Mme Bernoussi explique alors un décalage entre l’esprit du texte de 2011 et sa mise en œuvre, son application concrète, comme pour la parité par exemple. Tout dépend alors de la dimension humaine pour l’exécution à la lettre de l’esprit de la constitution. Et de donner comme exemple la loi cadre sur l’enseignement, qui a mis des années à être adoptée, et elle ne l’est pas encore, d’où un risque de mauvaise gouvernance en matière éducative.

Et c’est au tour d’Ali Bouabid, politologue et fils de son père Abderrahim… Il revient d’emblée sur la question d’une éventuelle révision constitutionnelle ; s’il pense que certains aspects techniques pourraient être amendés, il estime que le Maroc ne dispose pas d’une classe politique qui fasse vivre une constitution comme celle de 1996, alors a fortiori celle de 2011. Le problème n’est donc pas dans le texte mais dans la façon qu’ont les acteurs de travailler sur ce texte, par ailleurs très en avance.

Cela étant, en 20 ans de règne de Mohammed VI, les acquis sont incontestables, bien que des problèmes sont également incontestables… mais un bilan sert d’abord et avant tout à se projeter dans l’avenir. Un mot d’ordre général : la cohésion nationale, qui existe, a toujours existé, mais est aujourd’hui ébranlée, et a besoin de se régénérer, et Mohammed VI l’a indirectement suggéré. « Quand le roi demande un nouveau modèle de développement, c’est que l’actuel ne fait plus société et que donc il est inapte à répondre aux attentes des gens », assène Ali Bouabid, qui explique que la voie du futur passe par cela.

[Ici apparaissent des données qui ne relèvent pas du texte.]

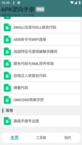 1、用户需要下载并安装APK逆向手册重制版,打开后进入主界面。

Plus politiquement, M. Bouabid ajoute que « la cohésion nationale est aujourd’hui redevable davantage de l’exercice par Sa Majesté des fonctions symboliques et non pas imputables aux avancées en matière de développement humain, ce qu’elle devrait être. La cohésion tient à la monarchie et au chef de l’Etat. Or qui dit cohésion nationale dit inégalités et disparités entre régions, et là, on est dans une logique de compensation des handicaps, mais le modèle de croissance est créateur d’inégalités. Il faut donc une doctrine et on ne peut gérer cette situation par la compensation », assène l’orateur.

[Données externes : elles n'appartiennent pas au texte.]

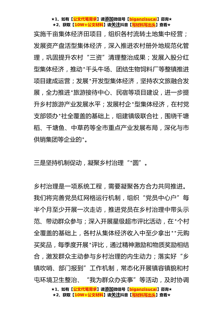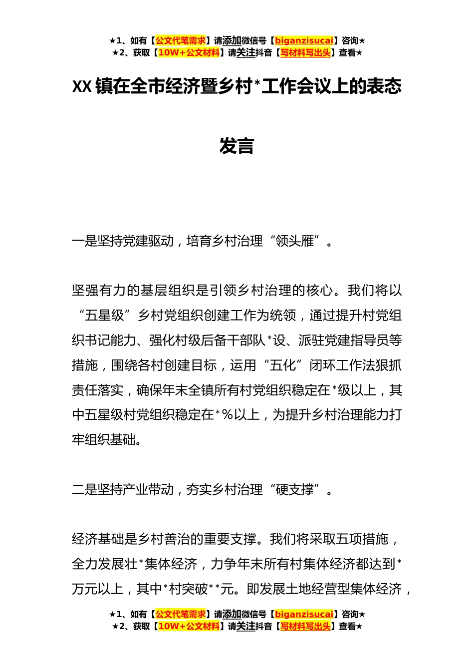 ★1、如有【公文代笔需求】请添加微信号【biganzisucai】咨询★★2、获取【10W+公文材料】请关注抖音【写材料写出头】查看★XX镇在全市经济暨乡村*工作会议上的表态发言一是坚持党建驱动,培育乡村治理“领头雁”。坚强有力的基层组织是引领乡村治理的核心。我们将以“五星级”乡村党组织创建工作为统领,通过提升村党组织书记能力、强化村级后备干部队*设、派驻党建指导员等措施,围绕各村创建目标,运用“五化”闭环工作法狠抓责任落实,确保年末全镇所有村党组织稳定在*级以上,其中五星级村党组织稳定在*%以上,为提升乡村治理能力打牢组织基础。二是坚持产业带动,夯实乡村治理“硬支撑”。经济基础是乡村善治的重要支撑。我们将采取五项措施,全力发展壮*集体经济,力争年末所有村集体经济都达到*万元以上...

Ali Bouabid dénonce aujourd’hui une crise de l’autorité, du douar et la famille jusqu’à l’autorité politique, et cette crise est consubstantielle à un processus de transition. Cette crise de l’autorité vient de l’individualisation que connaît la société marocaine et qui ne saurait trouver sa voie que dans la démocratie, ou un autoritarisme accru.

 

Un colloque de grande facture donc, auquel le RNI ne nous a pas habitués. Mais il semblerait que tout s’apprenne, avec le temps et la pratique… Les intervenants ont passé en revue, sous des angles différents, le bilan politique de 20 ans de règne, un bilan qui correspond au ressenti général, ici et ailleurs, sur le roi Mohammed VI : un homme profondément démocrate, mais qui doit être aidé par les acteurs politiques… un chef d’Etat qui a une fibre sociale incontestable, mais un homme qui cherche encore les relais dans la société et la classe politique. Le RNI saura-t-il être ce relais ? Il s’y emploie.